▶ Input material
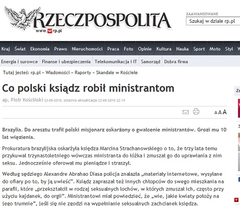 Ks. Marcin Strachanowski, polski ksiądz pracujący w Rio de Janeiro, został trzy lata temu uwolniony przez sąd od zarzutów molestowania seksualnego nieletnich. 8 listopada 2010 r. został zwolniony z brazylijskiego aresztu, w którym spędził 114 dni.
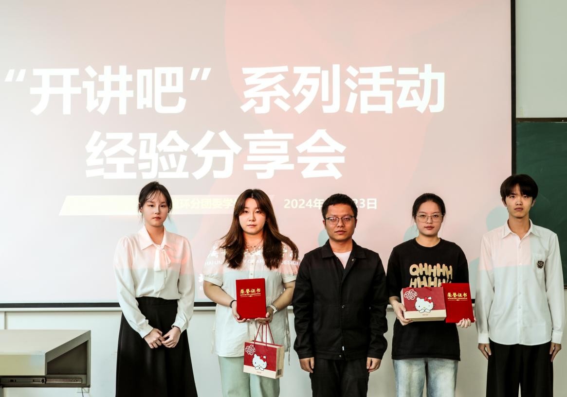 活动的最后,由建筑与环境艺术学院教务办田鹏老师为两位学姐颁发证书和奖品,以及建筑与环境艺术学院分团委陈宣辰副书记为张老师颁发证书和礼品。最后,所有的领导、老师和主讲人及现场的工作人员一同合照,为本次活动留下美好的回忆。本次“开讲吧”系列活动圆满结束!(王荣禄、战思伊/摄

...

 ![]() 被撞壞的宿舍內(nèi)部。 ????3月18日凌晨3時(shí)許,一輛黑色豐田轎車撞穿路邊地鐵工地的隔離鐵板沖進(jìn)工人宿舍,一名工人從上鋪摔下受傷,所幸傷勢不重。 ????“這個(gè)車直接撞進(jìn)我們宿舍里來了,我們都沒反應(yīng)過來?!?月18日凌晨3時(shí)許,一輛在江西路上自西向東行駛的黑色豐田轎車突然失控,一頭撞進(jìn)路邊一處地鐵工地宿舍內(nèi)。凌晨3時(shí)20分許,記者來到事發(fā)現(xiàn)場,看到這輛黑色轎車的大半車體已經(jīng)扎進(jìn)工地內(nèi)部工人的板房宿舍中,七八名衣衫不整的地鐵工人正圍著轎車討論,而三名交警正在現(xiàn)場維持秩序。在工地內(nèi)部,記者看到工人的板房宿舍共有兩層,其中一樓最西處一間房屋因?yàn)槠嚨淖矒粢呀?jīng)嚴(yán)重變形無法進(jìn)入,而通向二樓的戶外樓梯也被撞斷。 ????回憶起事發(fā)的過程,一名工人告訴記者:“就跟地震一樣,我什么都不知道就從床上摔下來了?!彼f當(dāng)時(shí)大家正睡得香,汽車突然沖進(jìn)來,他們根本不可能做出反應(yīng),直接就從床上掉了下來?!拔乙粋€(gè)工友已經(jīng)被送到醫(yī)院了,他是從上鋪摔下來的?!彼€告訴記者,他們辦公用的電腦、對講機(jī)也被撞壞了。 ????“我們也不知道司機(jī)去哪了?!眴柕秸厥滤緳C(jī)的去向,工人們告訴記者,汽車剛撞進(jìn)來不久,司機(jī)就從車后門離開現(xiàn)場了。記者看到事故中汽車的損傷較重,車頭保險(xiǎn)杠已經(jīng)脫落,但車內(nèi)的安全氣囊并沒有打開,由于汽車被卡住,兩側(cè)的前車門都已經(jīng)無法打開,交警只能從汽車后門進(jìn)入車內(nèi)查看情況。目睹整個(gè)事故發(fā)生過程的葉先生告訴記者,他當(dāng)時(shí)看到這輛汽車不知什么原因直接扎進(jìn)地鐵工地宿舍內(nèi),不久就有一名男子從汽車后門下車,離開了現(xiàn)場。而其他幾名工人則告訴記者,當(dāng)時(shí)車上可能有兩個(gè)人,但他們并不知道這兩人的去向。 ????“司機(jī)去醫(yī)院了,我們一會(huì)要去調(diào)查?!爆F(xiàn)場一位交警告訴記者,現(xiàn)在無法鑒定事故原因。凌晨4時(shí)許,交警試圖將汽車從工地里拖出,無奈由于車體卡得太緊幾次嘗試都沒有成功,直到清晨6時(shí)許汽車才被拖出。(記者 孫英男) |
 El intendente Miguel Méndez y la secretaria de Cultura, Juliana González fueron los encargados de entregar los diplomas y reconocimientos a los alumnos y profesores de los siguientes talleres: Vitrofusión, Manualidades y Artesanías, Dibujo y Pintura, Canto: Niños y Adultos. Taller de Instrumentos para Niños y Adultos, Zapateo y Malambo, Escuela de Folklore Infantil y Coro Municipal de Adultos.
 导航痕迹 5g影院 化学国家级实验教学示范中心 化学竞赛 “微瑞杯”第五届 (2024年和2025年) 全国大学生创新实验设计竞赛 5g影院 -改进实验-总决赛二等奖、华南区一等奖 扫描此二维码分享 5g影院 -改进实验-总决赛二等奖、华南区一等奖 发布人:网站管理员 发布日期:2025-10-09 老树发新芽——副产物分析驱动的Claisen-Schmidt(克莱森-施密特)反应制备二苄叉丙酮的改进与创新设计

* * *

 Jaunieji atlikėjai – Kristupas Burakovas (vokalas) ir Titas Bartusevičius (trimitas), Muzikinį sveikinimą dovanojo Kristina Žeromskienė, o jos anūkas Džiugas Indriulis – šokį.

▶ Problem statement
Copy only the lines above from the one containing "Ks. Marcin Strachanowski, polski" through the one containing "活动的最后,由建筑与环境艺术", both included. Leave out the pictures.

▶ Response area
 Ks. Marcin Strachanowski, polski ksiądz pracujący w Rio de Janeiro, został trzy lata temu uwolniony przez sąd od zarzutów molestowania seksualnego nieletnich. 8 listopada 2010 r. został zwolniony z brazylijskiego aresztu, w którym spędził 114 dni.
 活动的最后,由建筑与环境艺术学院教务办田鹏老师为两位学姐颁发证书和奖品,以及建筑与环境艺术学院分团委陈宣辰副书记为张老师颁发证书和礼品。最后,所有的领导、老师和主讲人及现场的工作人员一同合照,为本次活动留下美好的回忆。本次“开讲吧”系列活动圆满结束!(王荣禄、战思伊/摄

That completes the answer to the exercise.